- **Problem description**
In the material below, list every line carrying the string "creativity".

- **Source material**

· · · ·

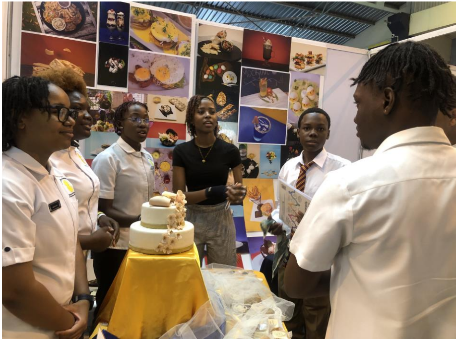
Students interact with a presenter during a culinary exhibition, showcasing creativity and practical learning.
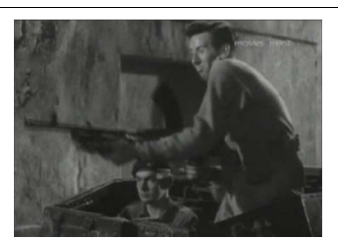
Information courtesy of Graham Lay
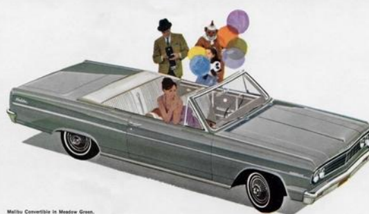
Malibu Convertible in Meadow Green.

High, wide door openings make it easy to slip in and out of every '64 Chevelle. And inside, there's space for a family-sized gathering. Curved windows add shoulder room. Plenty of head, hip and leg room, too.
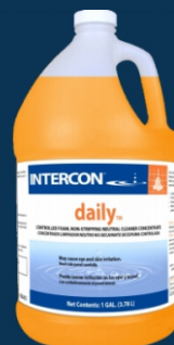
#88112 ♦ 4/1 gal Intercon Orange Neutral Daily Cleaner

This concentrated blend of live liquid bacteria and enzymes activate drain lines and grease traps while providing instant odor control. Exceptionally effective in controlling odors in garbage collection containers, porta-toilets, restrooms and other problem areas. In addition to its bioactive agents, this product contains a high concentration of grease solubilizers insuring superior performance by allowing faster penetration and liquefaction of waste materials.
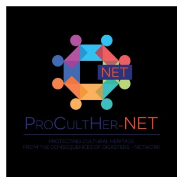
PROCULTHER-NET logo black

To establish a European thematic community, within the Union Civil Protection Knowledge Network, focused on the protection of cultural heritage at risk of disaster, gathering and involving the largest number of actors and stakeholders active in the field, through a multidisciplinary approach to enhance cooperation and to support and complement the effort made at European level.
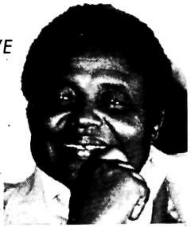
Joe Modise Commander of Umkhonto we Sizwe and member of the NEC of the ANC

politicise sections of the white conscripts and weaken the effective capacity of the SADF. The military strategy of the People's Army must aim to:
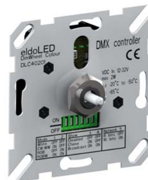
DimWheel Colour (EU/UK)

DimWheel Colour offers two types of show modes: broadcast and chase. You can use broadcast mode for mood lighting where all connected luminaires receive the same set point (=colour) and use chase mode for linear dynamic applications. You can define and upload show sequences to the DimWheel Colour yourself by connecting the eldoLED TOOLbox to the DimWheel's LedSync-in interface and using the freely available TOOLbox PC software.
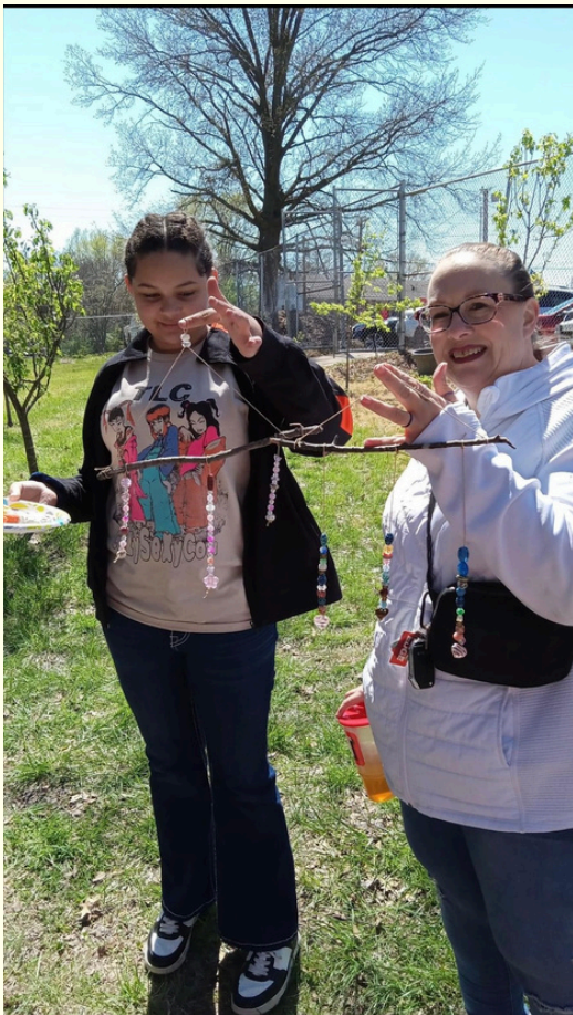
A mother and daughter displaying the crafts made during Art in the Garden.

Art in the Garden is a seasonal outdoor arts and crafts program that brings creativity and energy to our garden and farm spaces. Community members can join us for hands-on crafts, live music, great food, and meaningful connections. In 2024, we hosted 2 Art in the Garden events with a total of 62 attendees .
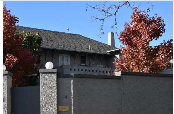
Front façade, looking southeast.
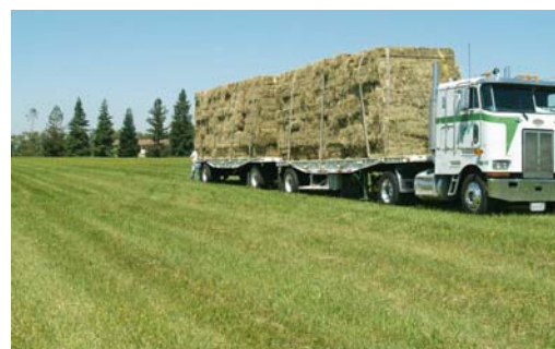
How much do you know about your hay?

*IMPORTANT NOTE – Some of the most horse-friendly pesticides used for weed control have a residual that travels through the horses’ digestive system (w/o harming them) and is passed out in the
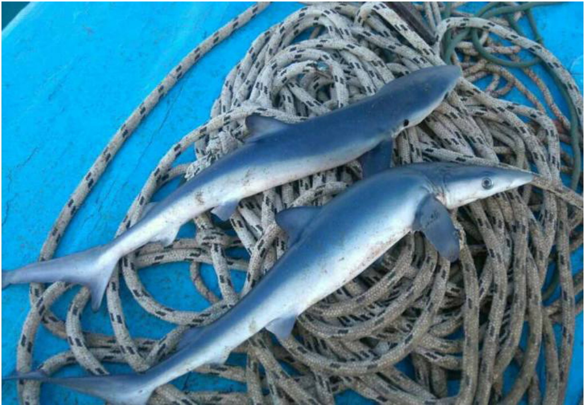
Fig. 3. Two individuals from Trašte Bay

the observation, the depth and the seabed type were noted by interviewing fishermen. For three specimens, of six in total, detailed morphometric measurements were collected. For the other three, no morphometric data is available. This is a result of the lack of information obtained from the fishermen and cases where the specimens were not physically caught, but only recorded using a camera. With the help of the fishermen, we collected the first data on the season and possible parturition grounds of this threatened species within the Montenegrin coastal zone.
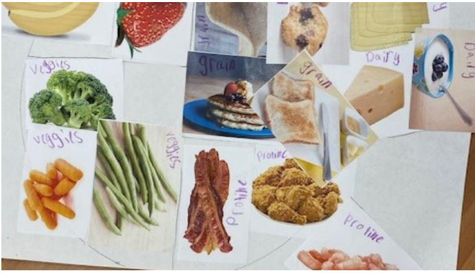
food collage made by 21st Century students
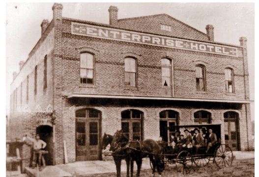
Folsom History Museum

Built on Sutter Street in 1893, the Enterprise Hotel held weddings in its lobby. The Granite House will recreate the style – and the lobby – of a grand hotel in historic Folsom, though not the function.
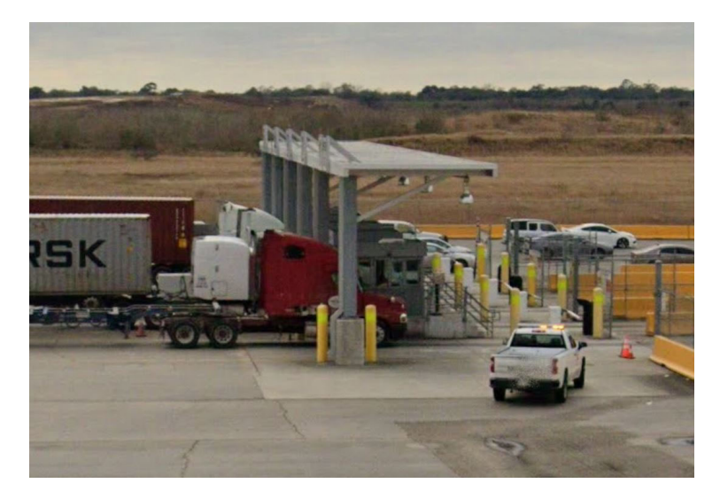
Existing TWIC Canopy
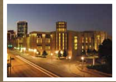
Fort Worth Convention Center 1201 Houston Street Fort Worth, TX 76102

Booths may not be dismantled before 4 PM on Saturday, October 12.
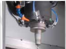
Minimum quantity lubrication, cooling nozzle at working unit
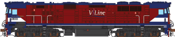
N-21 N466 V/Line Pass MK2 - Red/Blue/White (City of Warrambool)
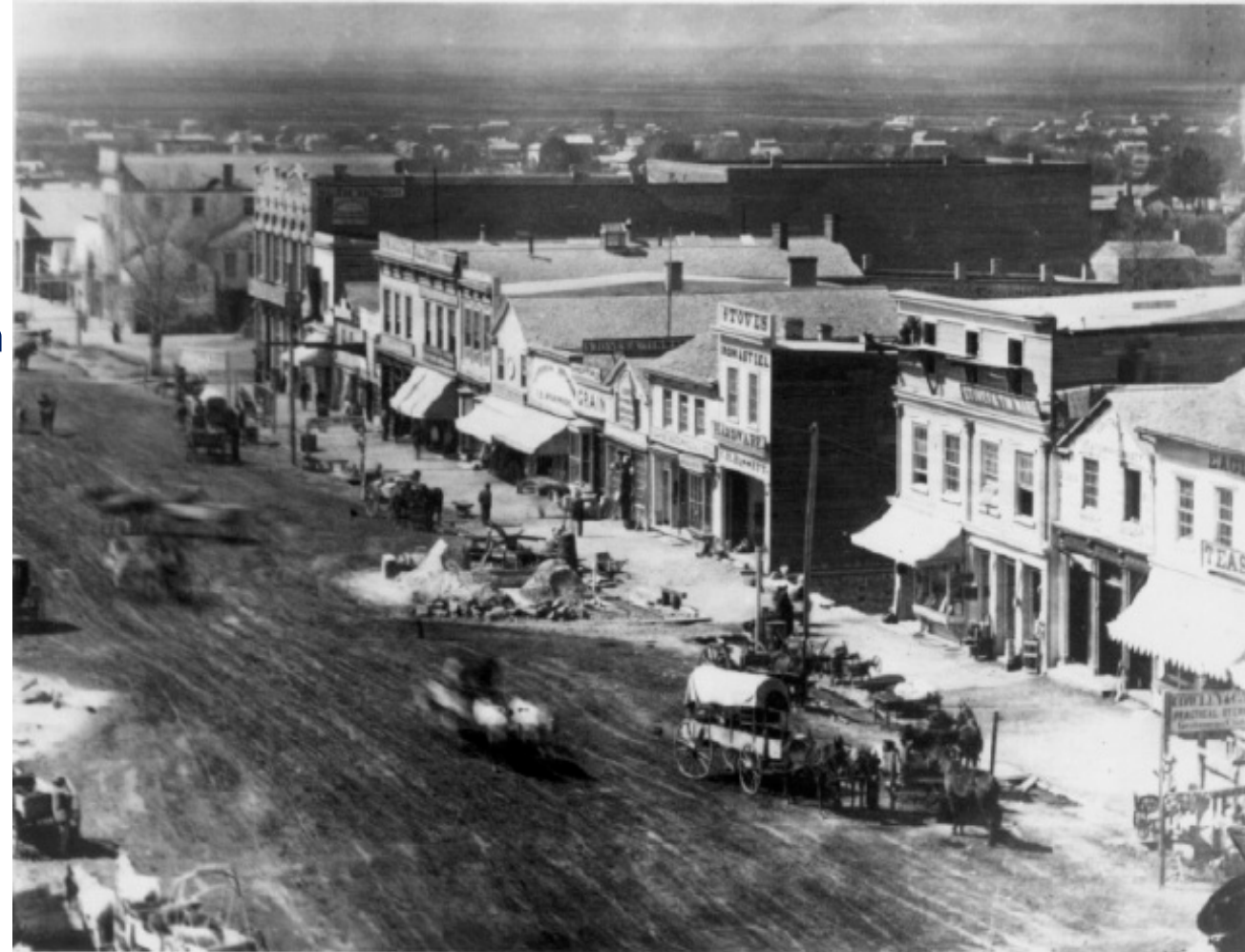
Main Street, Salt Lake City, 1860

I realize the blessings of God in our present safety. We are greatly blessed, greatly favored and greatly exalted, while our enemies, who sought to destroy us, are being humbled.

· · · ·

- **Answer**
Students interact with a presenter during a culinary exhibition, showcasing creativity and practical learning.
Art in the Garden is a seasonal outdoor arts and crafts program that brings creativity and energy to our garden and farm spaces. Community members can join us for hands-on crafts, live music, great food, and meaningful connections. In 2024, we hosted 2 Art in the Garden events with a total of 62 attendees .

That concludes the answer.